The other production constraints, codec mismatch, model drift, telephony artifacts, all compound this problem. Detectors are sensitive to the spectral characteristics of the audio they receive. Telephony codecs strip high-frequency information that detection models rely on. Background noise, cross-talk, and variable microphone quality introduce artifacts that overlap with the spectral signatures of synthetic speech. New TTS models appear constantly, so any static system starts drifting from day one.
These aren't separate problems. They're symptoms of the same root cause: detection only works reliably when it runs on the same infrastructure layer as your voice pipeline. Bolt detection onto a fragmented stack and every codec hop, every vendor handoff, every routing decision degrades the signal the detector needs.
Synthetic speech detection approaches generally fall into three categories: handcrafted acoustic features, end-to-end deep learning, and self-supervised learning (SSL) front-ends. Each has distinct tradeoffs for production deployment.
Handcrafted feature analysis relies on extracting engineered representations like Mel-frequency cepstral coefficients (MFCCs), linear frequency cepstral coefficients (LFCCs), or constant-Q transform (CQT) spectrograms. These features are computationally lightweight and interpretable, but they require extensive tuning and struggle to capture the nuanced artifacts left by modern neural vocoders.
End-to-end deep learning models like AASIST (Audio Anti-Spoofing using Integrated Spectro-Temporal Graph Attention Networks) process raw waveforms directly through graph neural networks that model the relationship between spectral and temporal domains.
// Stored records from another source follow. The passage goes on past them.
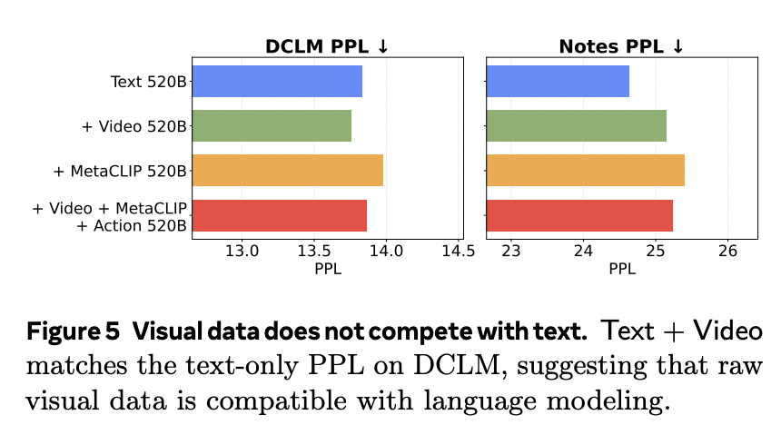 其次,团队还观察到,在所有混合数据中,相对于纯文本基准模型,在分布外(OOD)程度更高的 Notes 语料库上困惑度均有所下降,但相对趋势保持一致。这表明多模态预训练可能会在文本泛化能力上引入微小的权衡(Trade-off)。
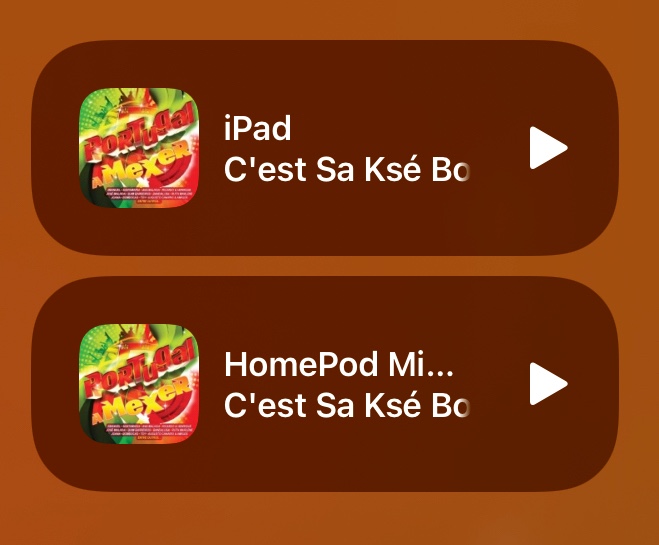 Cependant, elle est également présente sur mon HomePod Mini, c’est-à-dire que la dernière chanson est affichée dans le centre de contrôle de l’ensemble de mes appareils comme étant en pause sur le-dit HomePod Mini. En gros, il me suffirait d’appuyer sur la partie tactile de mon HomePod Mini pour reprendre la lecture de la dernière musique, qui est censée avoir basculée sur mon iPad, pile au moment où je l’avais basculée du HomePod vers mon iPad.
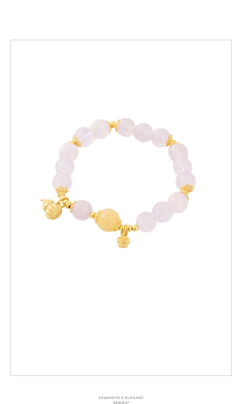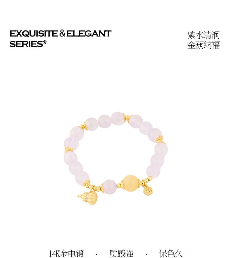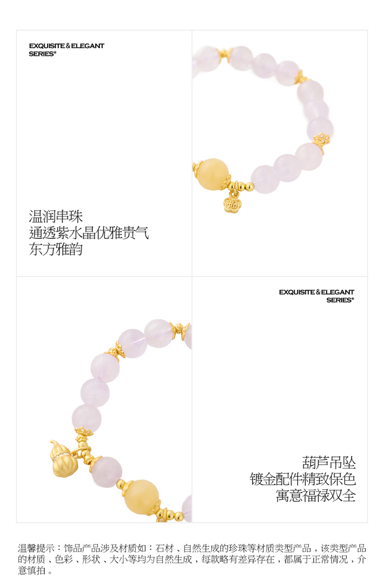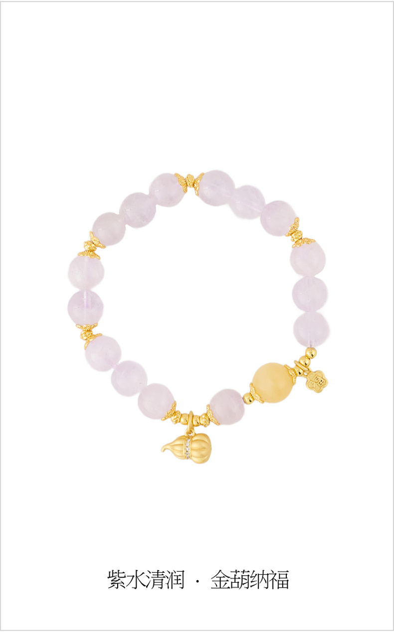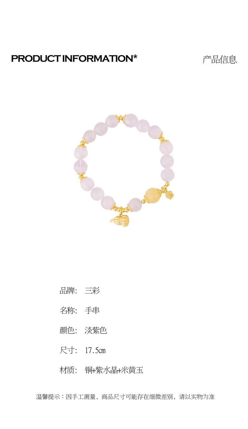 三彩2026新款国风紫水晶米黄玉手串福禄金葫芦吊坠弹力绳讨喜通勤

AASIST's architecture learns to detect spoofing cues without relying on predefined features, but it can overfit to the specific attacks in its training data.
Self-supervised learning front-ends represent the current state of the art. Models like wav2vec 2.0, WavLM, and HuBERT, originally trained for speech recognition on massive unlabeled datasets, have proven remarkably effective as feature extractors for deepfake detection. Tak et al. (2022) demonstrated that pairing a fine-tuned wav2vec 2.0 front-end with the AASIST back-end achieved an equal error rate (EER) of just 0.82% on the ASVspoof 2021 Logical Access dataset, an improvement of almost 90% relative to the baseline system. Self-supervised models learn acoustic structure from raw audio at scale, which generalizes far better than features tied to specific synthesis artifacts.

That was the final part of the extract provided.